すると亀山に近づいたのはエンポリオとカルマだった。
「亀山くん……実は僕らのパーティーでも僕はまだまだ新参者でマジェストとしても実力もなくて自信もないんだけどさ…それでも僕は自分のできる事を命懸けでやってきたつもりさ…だから君だって大丈夫さ、僕も協力するし音ちゃんを守らなきゃだね。
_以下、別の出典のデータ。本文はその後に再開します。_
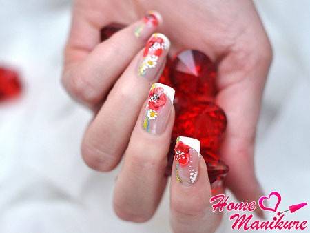 Одно из самых популярных дополнений к бесцветному маникюру. Его преимущество в том, что на коротких ногтях небольшие рисунки смотрятся очень гармонично, не нарушая концепции естественности и лаконичности.
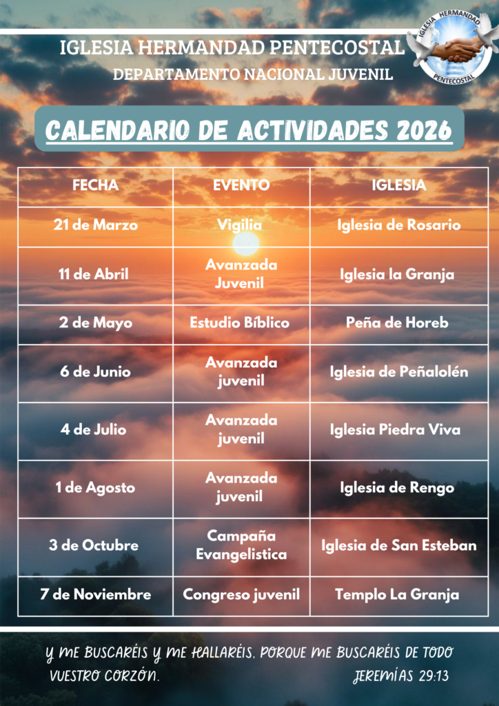 Como Departamento Juvenil de la Iglesia Hermandad Pentecostal, realizamos eventos nacionales cada mes en nuestros templos. Estas instancias son organizadas y dirigidas por nuestros propios jóvenes, quienes con dedicación y compromiso preparan cada actividad.

」
するとカルマはニコりと微笑む。
「うん…エンポリオ君ってやっぱりカッコイイ!」
「ありがとうカルマさん!?」
照れるエンポリオをじっと見ている亀山はぷるぷると震える。
「おおっ!?あんな見た目はカッコよくなくてもあんな可愛い子とイチャイチャしてるーーーーーーーーーーーーーーーーーーー!?」
亀山は何故か興奮しはじめる。
エンポリオには悪いがカルマとエンポリオの関係がどうやらこの亀山の心に火をつけたのかも知れない。
「うおおおおおおーーーーーーーーーーっ!?なんか燃えてきた!!僕だってあの音ちゃんを
助けて彼女にしてやるーーーーーーーー!?」
「は?」
「はあ?」
俺達は急にやる気を出した亀山に開いた口が塞がらなかった。
すると遠くから急にサイレンの様な音が聞こえてくる。
辺りには騒ぎ出す街の人達の姿があちらこちらに見える。
「あれ!?どうしたんだろ?」
「遠くから聞こえるね?」
「あの方向は……『竜宮城』!?」
「きゃあああーーーーーーーーーーーーーーっ!?」
俺達は突然の叫び声にそちらの方に走り出す。
見えてくるのは街中に立ち上る炎。
そして逃げ惑う街の人達。
すると目の前に飛び出してくる逃げ惑う街の人。
追って来ていたのは先程の魚獣人達。
「はあああーーーーーーーーーーーーっ!?」
「テンテン!?」
「クロノさん!?先に行って!?ここは私達が!?」
「獣人化…ゴルンガ…いくぞ!?」
テンテン、イシメール、そしてフェリシモも構え戦ってくれていた。
「さあ!!ここは私達が!?ローズウィップ!!魔神『フェリーヌ』!!」
皆が俺達を先に送り出してくれる。
「こっちに匂いがするよ!?」
サキノは匂いで俺達の道を示す。
「亀山さん!?いこう!?」
「うん!!」
カルマ、サキノ、俺、そして亀山は呑み処『竜宮城』へと先を急いだんだ。